1.2. Latency vs. Throughput
🪄 Step 1: Intuition & Motivation
Core Idea (in 1 short paragraph): In machine learning systems, speed and capacity are like two sides of a seesaw. You can either respond quickly to one user (low latency) or handle many users at once (high throughput) — but doing both perfectly is almost impossible. Understanding how to balance these two is the heart of designing efficient ML systems.
Simple Analogy: Picture a coffee shop.
- Latency is how long one customer waits for their latte.
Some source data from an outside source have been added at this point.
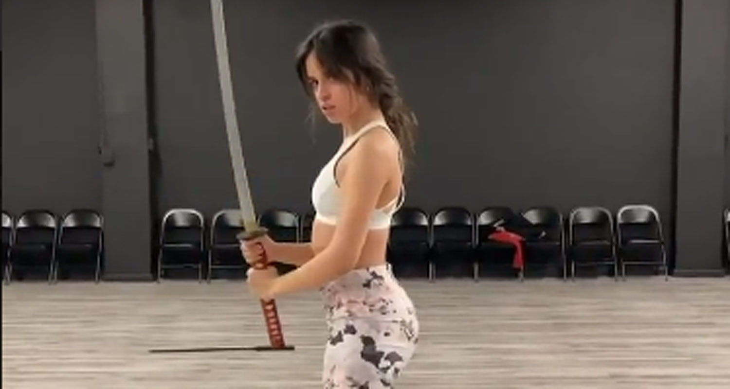 In the vid, Camila uses the sword to fight off things like anxiety, emotional eating and an existential crisis.
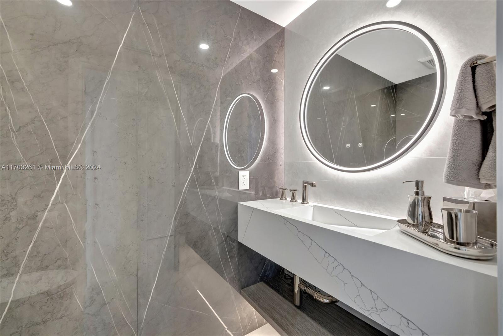 Completely updated in 2024, this luxurious residence in the highly sought-after Bella Mare Condominium on Williams Island offers unmatched elegance. Private elevators lead to a spacious 3-bedroom, 2.5-bath, 2,180 sq. ft. home featuring soaring ceilings, a custom two-tone kitchen with quartz waterfall counters, & top-of-the-line finishes. Enjoy electric shades, 4x4 rectified porcelain floors, LED lighting, & custom closets throughout. Bathrooms boast stunning backlit vanities. Bella Mare delivers 5-star amenities, including a daily News Café, state-of-the-art gym, theater, lap pool, BBQ area, guest suites, and more. Relish the Williams Island lifestyle with a world-class spa, tennis and pickleball courts, gourmet dining, and the soon-to-be-upgraded Island Club pool and restaurant.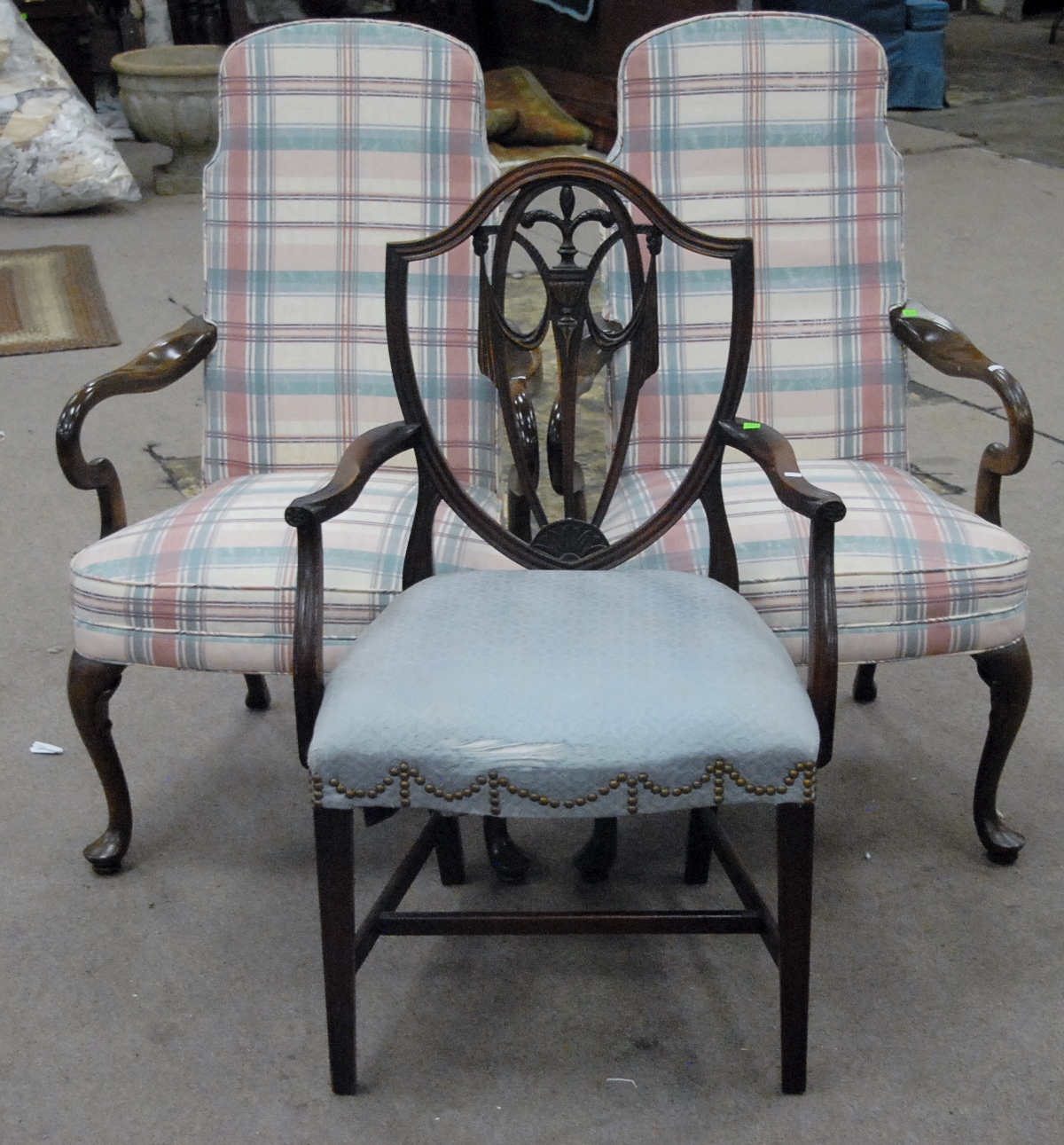 Pair of small mahogany Chippendale style mirrors and Federal two part mirror.

- Throughput is how many cups the café can serve in an hour. Hire more baristas (parallelism), and you can serve more people (throughput). But if one espresso machine slows down, everyone waits (latency). That’s the trade-off ML engineers face too.
🌱 Step 2: Core Concept
Latency and throughput define how fast and how much your system can process. Let’s unpack them one layer at a time.
What’s Happening Under the Hood?
When an ML model serves predictions (say, a recommendation API), two key forces interact:
Latency measures response time — how long it takes from the moment a request arrives until a prediction is returned. Example: A user clicks “Show Recommendations,” and the model responds in 150 milliseconds.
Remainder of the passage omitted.